The letter column, knon was “The Camp Fire” was perhaps the best letter column published in any magazine, ever. Usually, authors of stories in the issues wrote long essays where they detailed the historical background of their work. Letters from readers over facts in previous stories. (SW 517)

In a period where English translations of the Qur’an and its commentaries were not widely available, many legends of Islamic prohibition and its circumvention circulated. Wright took the opportunity to intervene, quoting at length from Roy Gonzalez de Clavijo’s Embassy to Tamerlane, 1403-1406 (1928, trans. Guy le Strange from Historia del gan Tamorlan (1582). (MF1.357n4); the anecdote regarding “one of the saints of Islam” is a variation of a widely-quoted legend:

One Koran commentator declares that if a drop of wine shall fall into a spring, and if, when the spring long afterward dried up, and was filled in with earth, a tree should there be planted, even after the lapse of years it would still be sinful to touch its fruit. (The Muslim World Jul 1912, 304)

Prohibition was still in effect in the United States in 1932, but Farnsworth Wright was not as dry as E. Hoffmann Price could attest (BOD 23), and the use of alcohol was not remarkable in stories in Weird Tales—or Oriental Stories: of the five stories Robert E. Howard had published in the magazine before “Lord of Samarcand,” all included references to consuming alcohol—though not always by Muslims. Wright’s purpose can only be guessed at—to forestall future comments on that line, to more closely emulate Adventure’s “The Camp Fire” (and attract some of its readers), or perhaps to drum up a little controversy to encourage sales, perhaps—but he ended the entry in “The Souk” with an interesting note:

The most popular story in the spring issue, as shown by your votes and letters, was Lord of Samarcand, Robert E. Howard’s tale of Tamerlane.
—Farnsworth Wright, Oriental Stories (Summer 1932)

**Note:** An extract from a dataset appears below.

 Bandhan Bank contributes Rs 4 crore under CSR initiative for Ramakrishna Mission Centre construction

While it is never explicitly said what method Wright used to judge popularity in Oriental Stories, the system used in Weird Tales, Sam Moskowitz in “The Most Popular Stories in Weird Tales 1924 to 1940” reveals that Wright:

[...] incorporated a procedure which had been utilized by Adventure Magazine previously of keeping a record of the popularity of individual stories and later publishing the titles of the favorites. His method of accomplishing the scoring was to keep a running count of all those stories favorably commented upon in letters to him. This meant that anywhere from one to a dozen story votes could be counted from a single letter. Each vote carried the same weight, whether a reader thought the story was the best, second best or third best in an issue, providing it was liked. Negative votes were also counted, though they were not deducted from those that were positive. (S&F 69)

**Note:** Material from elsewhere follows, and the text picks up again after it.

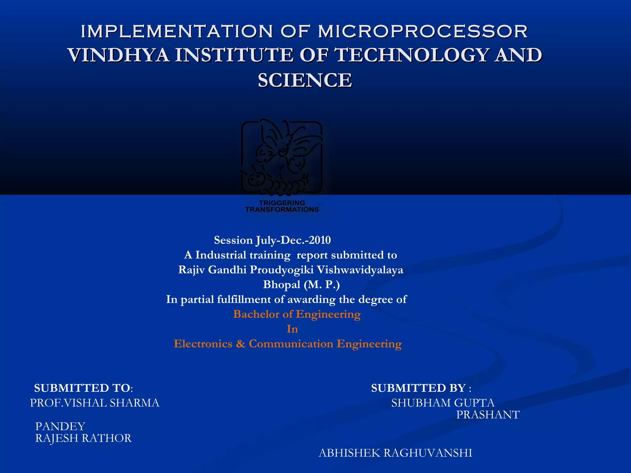 The document describes the implementation of a 16-bit microprocessor core called "MIB-16" using VHDL. It discusses designing the various components of the microprocessor like the ALU, control unit, registers etc. separately in VHDL, simulating them and then implementing the entire design on an FPGA. The microprocessor can access 64KB of memory and execute instructions like addition, subtraction etc. VHDL allows for modeling digital systems at different levels of abstraction and the microprocessor design demonstrates its use for designing an entire processor.

Robert E. Howard had sent a copy of the Spring 1932 Oriental Stories to H. P. Lovecraft, who responded with praise to “Lord of Samarcand,” and spurred a brief discussion of the history behind the tale. (MF1.285, cf.291) When the Summer ‘32 issue rolled in, Howard’s initial reaction to this unexpected response to his story was a brief note in letter to H. P. Lovecraft:

That reminds me—that business about Turanian drunkenness—that some of the readers took exception to my making Tamerlane a drinking man. I expected to be attacked on other scores—on Bayazid’s suicide, which of course never took place—about my version of Timour’s death—more particular I expected to be denounced because of the weapon my character used in that slaying. There were firearms in the world then, and had been for some time, but they were of the matchlock order. I doubt if there were any flint-lock weapons in Asia in 1405. But the readers pounced on to the point I least expected—the matter of Muhammadan drunkards. They maintained that according to the Koran, Moslems never drank. Wright admitted in the Souk that the Koran forbade liquor, but went on to quote a long extract from Clivijo’s memoirs to prove that Timour and his Tatars drank to excess.
—Robert E. Howard to H. P. Lovecraft, 9 Aug 1932 (MF1.344, CL2.399-400)

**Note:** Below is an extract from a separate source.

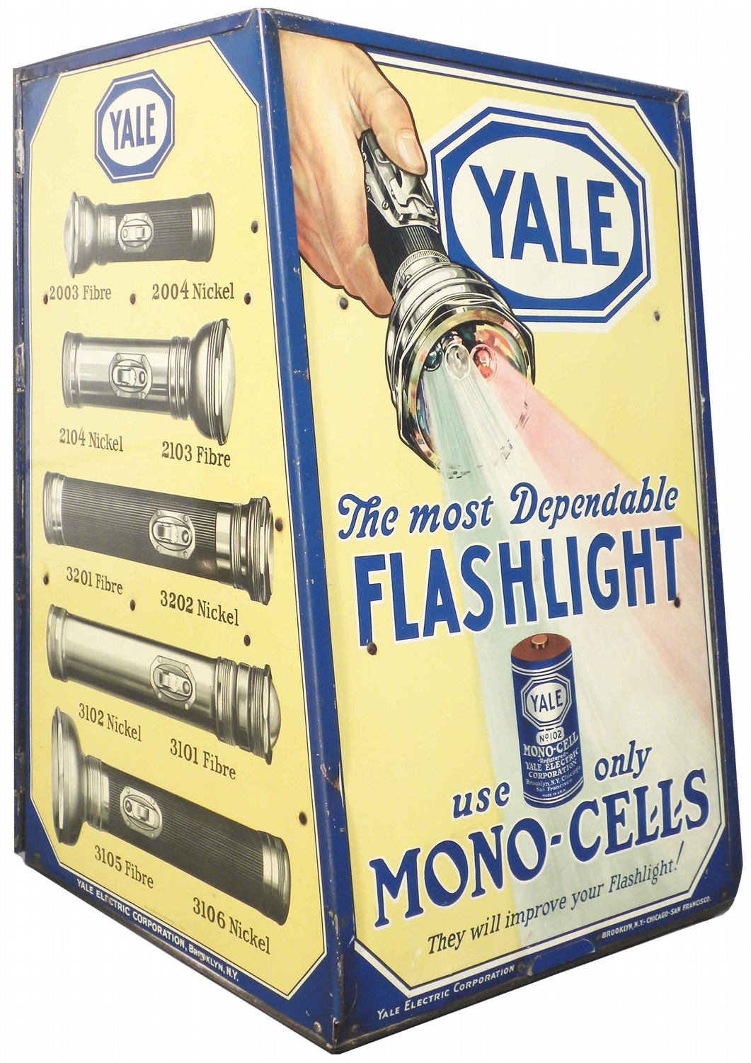 Yale Flashlight Tin Store Display Cabinet. Beautiful tin litho sides, near mint condition. 12 X 19 X 12 inches.

This was pretty far outside of Lovecraft’s metier, but he managed a brief response in his answering letter:

As for Moslem drunkenness—instances were numerous and occasionally notable. The sanguinary A. Hakam, Emir of Cordova around 800 A.D., was a notorious drinker—his habits provoking his orthodox Moslem ministers to the point of disaffection and disloyalty.
—H. P. Lovecraft to Robert E. Howard, 16 Aug 1932 (MF1.367)

The Magic Carpet
v3 #4, October 1933
A longer response from Howard was sent to Farnsworth Wright, who was busily re-organizing Oriental Stories as The Magic Carpet Magazine, a change of title and focus inspired by the 1,001 Nights that opened it up to more fantastic fiction (and, probably, hoped to draw in more readers). Besides the change in name, the format of the pulp remained the same, right down to the name of the letter-column, and Wright published Howard’s letter in “The Souk”:

The controversy in the Souk over the bibulous habits of Moslem potentates in Robert E. Howard’s historical tales is clarified by a letter from Mr. Howard himself. ‘Thanks very much for the remarks and quotations in the Souk by which you corroborate the matter of Timour’s wine-bibbing,” writes Mr. Howard. “I welcome and appreciate criticisms in the spirit of Mr. Bell’s though, as you point out, he chances to be mistaken in the matter of Timour and others. But criticisms of this nature promote discussions helpful and instructive to all. In regard to Moslem drinking, I understand that the Seventeenth Century Tatars of Crimea, before imbibing, spilled a drop of wine from the vessel and drank the remainder, declaring that since the Prophet forbade tasting a drop of wine, they thus obeyed the command. They spilled the drop and drank the rest. Many modern Moslems maintain that they disobey no holy law by drinking brandy and whisky, since the Prophet said nothing about these beverages—proving that Christians are not the only people on earth to wriggle out of laws by technicalities.”
—Robert E. Howard, The Magic Carpet Magazine (Jan 1933) cf. CL2.487

Howard’s assertion on the “drop of wine” was another oft-repeated legend. Alphonse Daudet wrote:

"One drop of wine is accursed," says Mohammed in the Koran, but there are compromises even with the Law. As each glass was poured him, the aga, before drinking, took one drop upon his finger, shook it off gravely, and, that accursed drop once disposed of, he drank the rest without compunction of conscience.
—”The Caravansary” in Monday Tales (1873, trans. Marian McIntyre 1900)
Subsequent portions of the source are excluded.